While the speed and breadth of the slowdown have some Americans worried about a repeat of the 2008 housing bust and subsequent global financial crisis, others aren’t as concerned. John Paulson, the hedge funder who famously pocketed $4 billion betting against the U.S. housing market in 2008, is among those who believe history isn’t repeating itself.

“We’re not at risk of a collapse today in the financial system like we were before,” Paulson told Bloomberg on Sunday. “Yeah, it’s true, housing may be a little frothy. So housing prices may come down or they may plateau, but not to the extent it happened [in 2008].”

A tale of two Wall Street oracles

Paulson, who started his hedge fund (which has since been converted to a family office), Paulson & Co., in 1994 and boasts a net worth of $3 billion, believes that the housing market is on stronger footing than it was at the start of the Great Financial Crisis.

“The underlying quality of the mortgages today is far superior. You don’t even have any subprime mortgages in the market,” he said. “In that period [2008], there was no down payments, no credit checks, very high leverage. And it’s just the opposite of what’s happening today. So you don’t have the degree of poor credit quality in mortgages that you did at that time.”

After the blow-up of the 2008 housing bubble and subsequent global financial crisis, senators passed the Dodd-Frank Wall Street Reform and Consumer Protection Act in order to ensure the stability of the U.S. financial system and improve the quality of U.S. mortgages.

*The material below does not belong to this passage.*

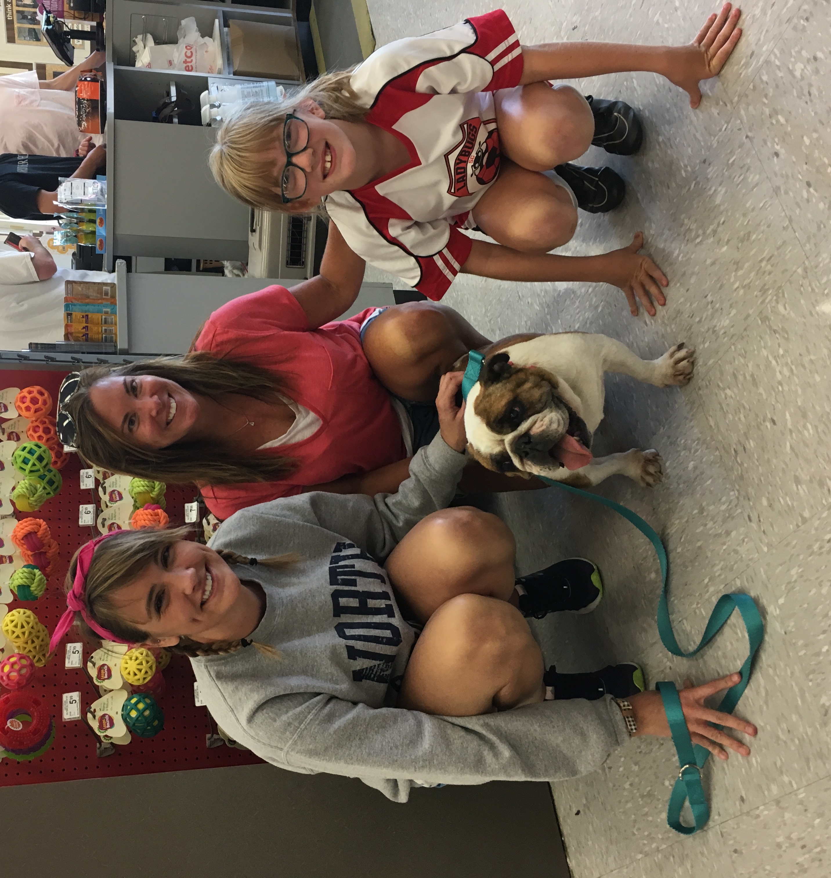 Adorable little Beti was adopted Saturday!  Her new mom has lots of experience with the breed, and Beti will have a bulldog sister, Helga, to play with (well, probably more like RELAX with – they ARE bulldogs, after all!).  Her new mom purchased matching pink bandannas for the two dogs AND herself, and has a collar on order for Beti to match the one Helga wears, which also matches the bracelet SHE wears!

The act created the Consumer Financial Protection Bureau (CFPB), which is tasked with preventing predatory mortgage lending. In the years since the CFPB’s creation, the average credit rating of homebuyers has improved dramatically. Leading up to the 2008 housing bust, U.S. homebuyers’ average credit rating was 707. In the first quarter of this year, it was 776, according to data from Bankrate.

Bank of America Research analysts led by Thomas Thornton also found that the portion of buyers with so-called “superprime” FICO scores of 720 or above hit 75% this summer. During the years preceding the 2008 housing bust, just 25% of buyers boasted similarly strong credit.

The Dodd-Frank Act also established the Financial Stability Oversight Council which monitors the health of major U.S. financial firms and sets reserve requirements for banks, and the Securities and Exchange Commission (SEC) Office of Credit Ratings which verifies the credit ratings of major firms after critics argued private agencies gave misleading ratings during the financial crisis. Both of these regulatory bodies have helped to improve the resiliency of the U.S. financial system and banks during times of economic stress.

Paulson noted on Sunday that banks were highly leveraged during the financial crisis and took risks that would be seen as unacceptable in today’s markets after the Dodd-Frank act established the Volcker Rule, which prevents banks from making some specific types of risky investments.

“The problem, in that period of time, was the banks were very speculative about what they were investing in. They had a lot of risky subprime, high-yield, levered loans. And when the market started to fall, the equity quickly came under pressure,” he said, noting that the average bank now has three to four times as much equity as they did during the Great Financial Crisis of 2008, which makes them less susceptible to default.

While Paulson isn’t worried about a repeat of 2008, hedge funder Michael Burry, who also rose to fame predicting and profiting from the Great Financial Crisis, as depicted in the book and movie “The Big Short,” has warned for years that he believes the global economy is in the “greatest speculative bubble of all time in all things.”

Burry argues that central banks created a bubble in everything from stocks to real estate with loose monetary policies after the Great Financial Crisis, and pandemic-era spending meant to boost the economy only made things worse.

Now, as central bank officials around the world shift stances to fight inflation and continue raising interest rates in unison, the hedge fund chief argues asset prices will fall dramatically.

“There is risk growing in many sectors. The unfettered narrative feeding itself until the absurdity explodes, revealing the folly to all and easily starting a revolution,” Burry said in a cryptic, since-deleted Sept. 21 tweet.